Department of Economics and Related Studies and Centre for Health Economics, University of York, York, UK.

出版信息

Health Econ. 2007 Jun;16(6):545-58. doi: 10.1002/hec.1249.

Abstract

The report by the Office of Fair Trading (OFT) on the UK pharmaceutical price regulation scheme (PPRS) recommends the reform of the current scheme, which is a combination of profit and price controls, to one where price is based on the health benefits offered by a pharmaceutical. On closer examination some of the more commonly expressed concerns about these proposals do not seem to be well founded. In principle, the OFT's recommendations may contribute to allocative and dynamic efficiency in the NHS. However, there are some dangers and the details of how it will be implemented are crucial. For example, value-based pricing with an inappropriate threshold for cost-effectiveness, or an inappropriate pricing structure, could lead to technologies being adopted at prices where their benefits, in terms of health outcome, do not offset the health displaced elsewhere in the NHS, a situation in which the NHS is damaged rather than improved by innovation. A failure to account for uncertainty and the value of evidence in negotiating prices and coverage could also undermine the evidence base for future NHS practice.
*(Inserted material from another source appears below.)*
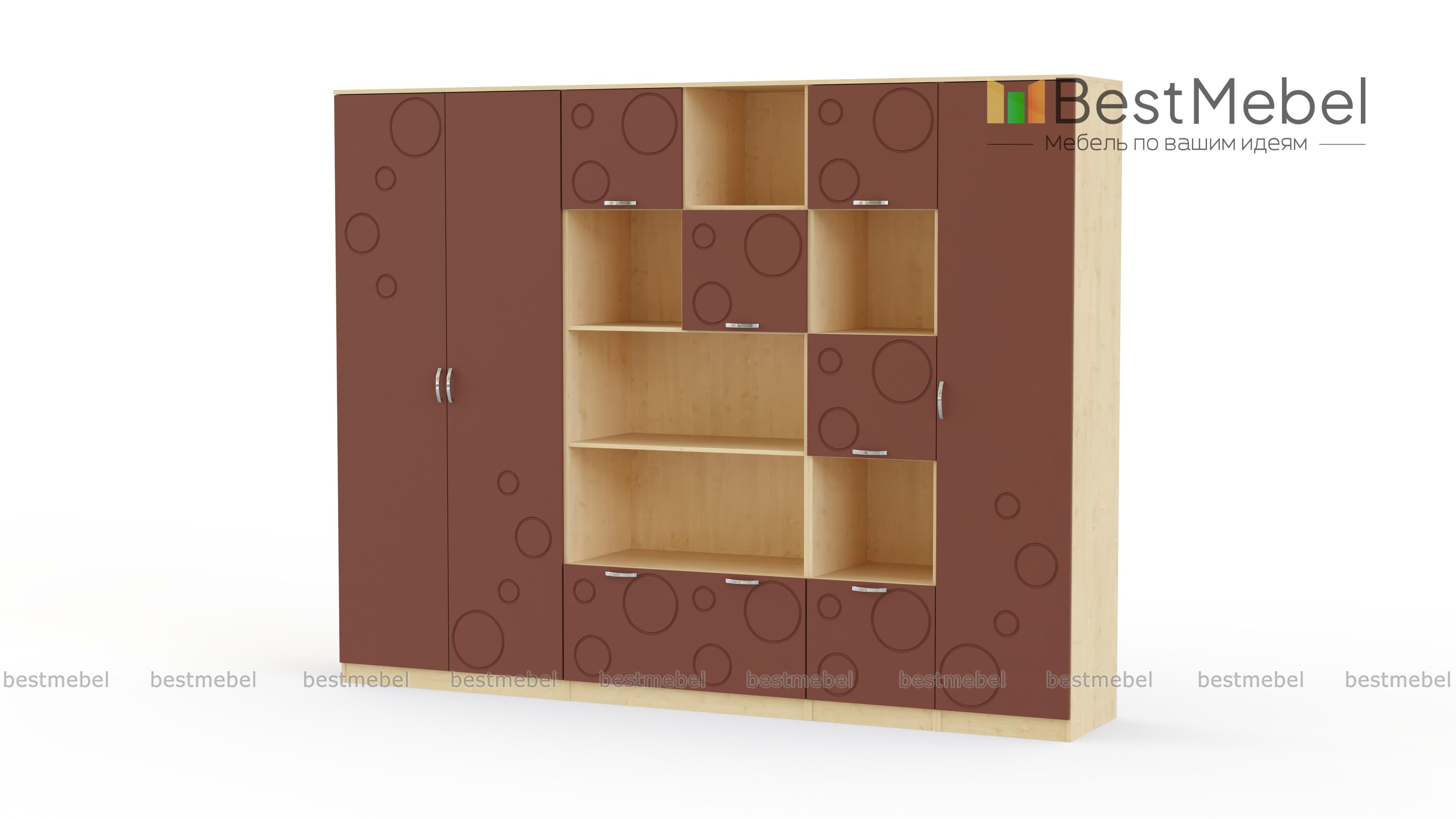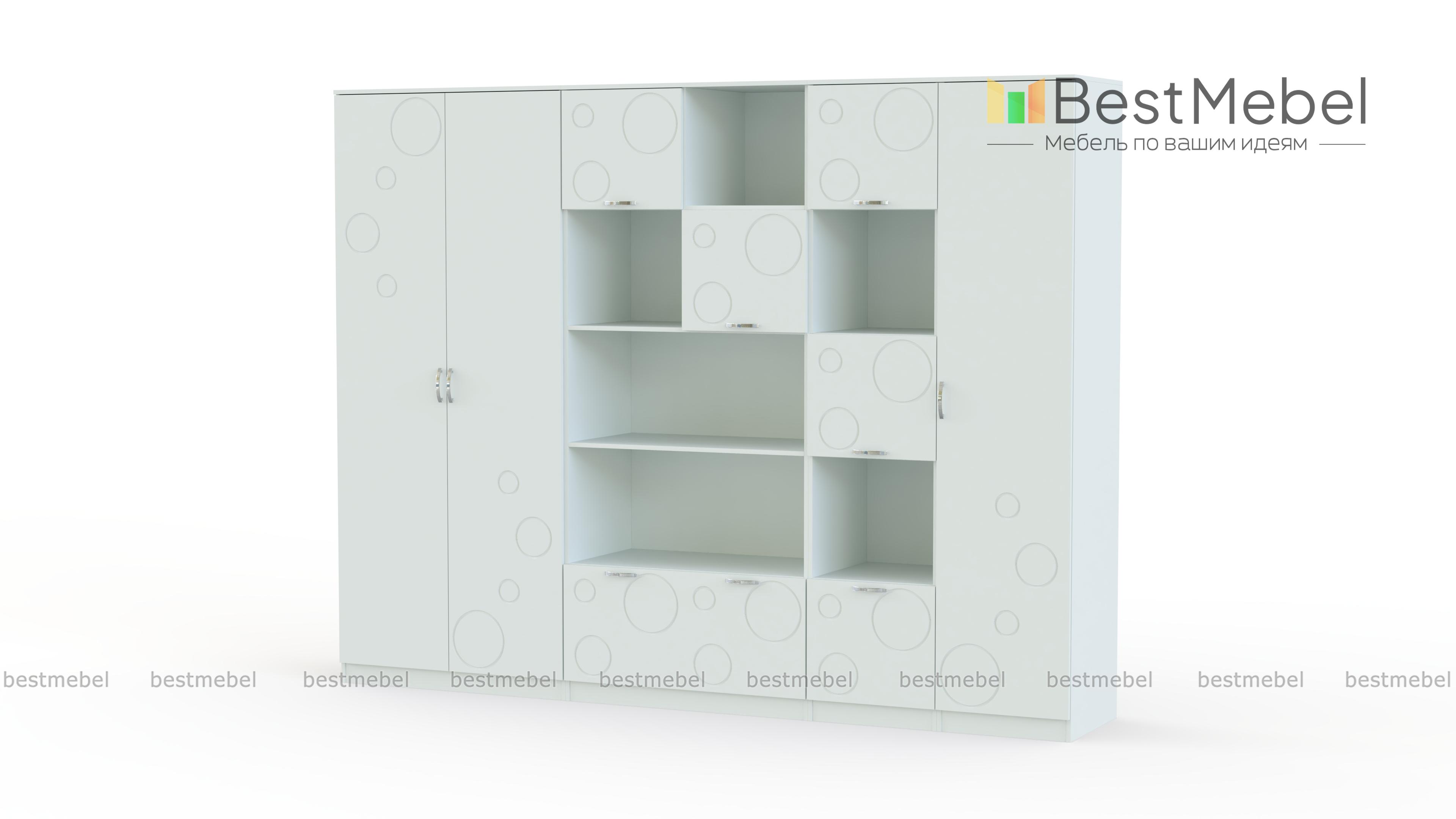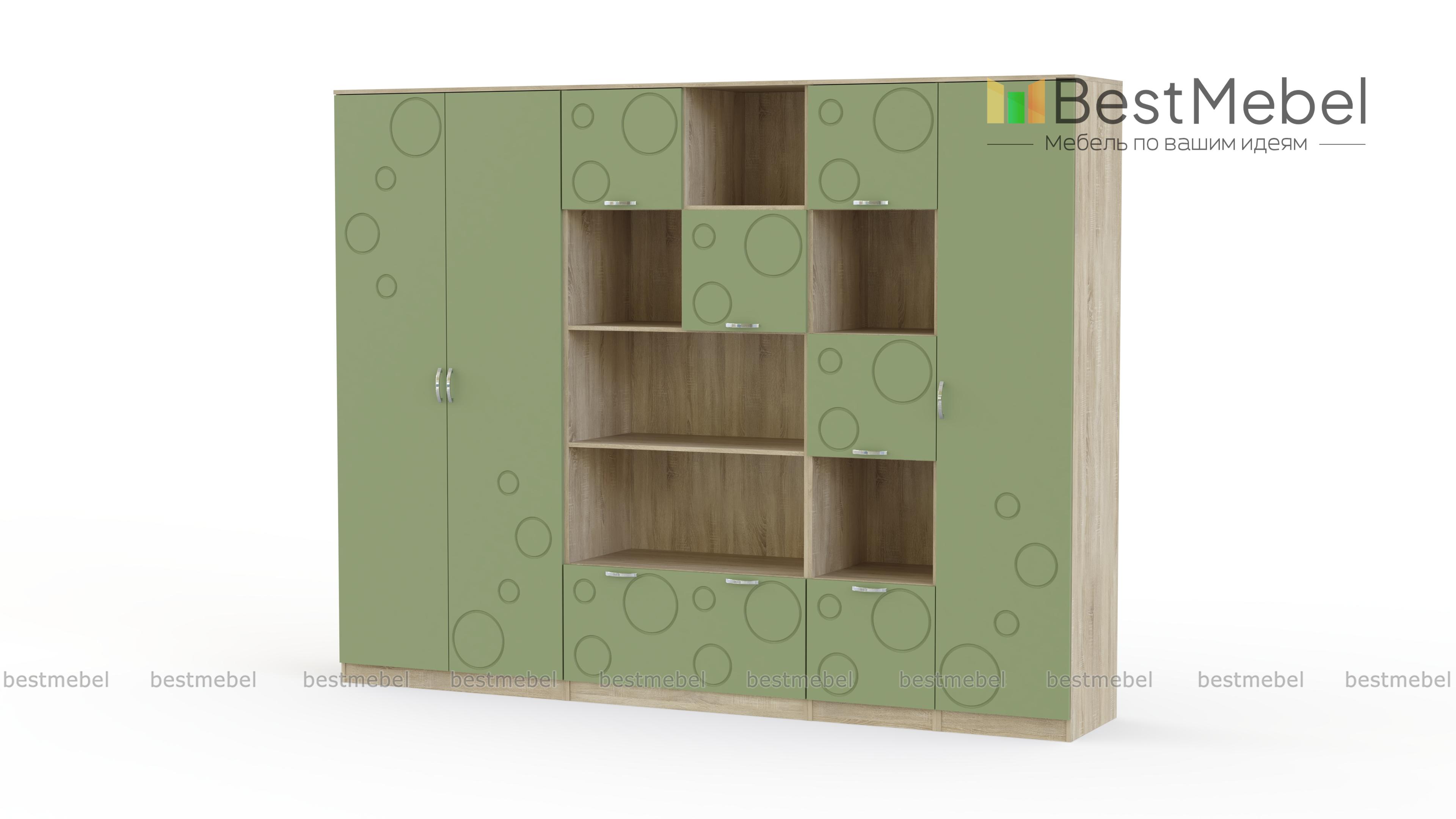Детская стенка Спринт 1-09 BMS – практичная модульная композиция, благодаря которой аккуратно разместятся предметы гардероба, книги, спортивные и школьные принадлежности ребенка. Лаконичная модель с цветными фасадами, декорированными неброским рисунком, гармонично дополнит современные интерьеры, проста в уходе и надежна. В комплект входят двухдверный платяной шкаф, бельевой пенал, комбинированный шкаф с полками и распашными отделениями и стеллаж с чередованием открытых и закрытых секций. Купить детскую стенку Спринт 1-09 BMS и создать на редкость функциональную комнату, вам поможет наш интернет-магазин.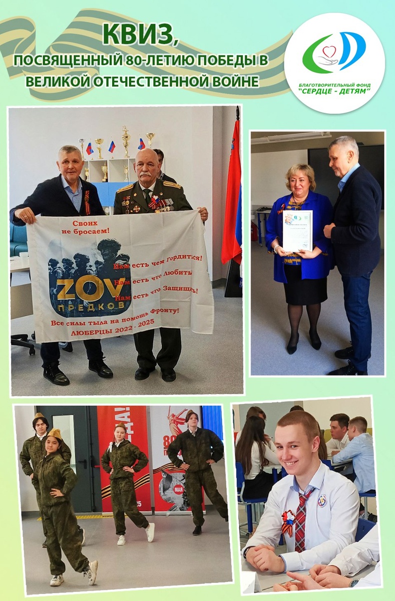 28 марта в гимназии № 56 (г. Люберцы) прошел финальный этап историческо-патриотического Квиза, посвященного 80-летию Победы в Великой Отечественной войне. С гордостью делимся впечатлениями с мероприятия. Квиз был организован для учащихся10-х классов благотворительным Фондом «СЕРДЦЕ - ДЕТЯМ» совместно с Администрацией Люберецкого городского округа. Он объединил более 400 участниковиз 22 образовательных учреждений района. Коллектив Фонда подготовил для квиза кейс из 200 вопросов, содержание которых держалось в строжайшей секретности. Нашейзадачей было пробудить у старшеклассников интерес к истории страны, укрепить знания о Великой Отечественной войне, внести вклад в патриотическое воспитаниемолодежи. 7 марта ребята состоялся конкурсный отборочный этап на базе собственных школ, а 21 -встретились друг с другом в полуфинале на 4-х нейтральных площадках. Финал прошел в торжественной и волнительной обстановке. Четыре команды-чемпиона продемонстрировали глубокиезнания об исторических персонах

Whatever view is taken, the OFT report will inevitably shape the scope of future policy debates about value, guidance, price and innovation.

摘要

公平交易办公室(OFT)关于英国药品价格监管计划(PPRS)的报告建议,将现行的利润与价格控制相结合的计划改革为基于药品所提供的健康效益来定价的计划。仔细审视后可以发现,一些对这些提议较为常见的担忧似乎并无充分依据。原则上,公平交易办公室的建议可能有助于提高国民医疗服务体系(NHS)的配置效率和动态效率。然而,存在一些风险,且其实施细节至关重要。例如,基于价值的定价若采用不恰当的成本效益阈值或定价结构,可能导致采用某些技术的价格,从健康结果来看,其效益无法抵消国民医疗服务体系其他地方所损失的健康,在这种情况下,创新非但没有改善国民医疗服务体系,反而对其造成了损害。在谈判价格和覆盖范围时未能考虑不确定性及证据的价值,也可能破坏未来国民医疗服务体系实践的证据基础。无论持何种观点,公平交易办公室的报告都将不可避免地影响未来关于价值、指导方针、价格和创新的政策辩论范围。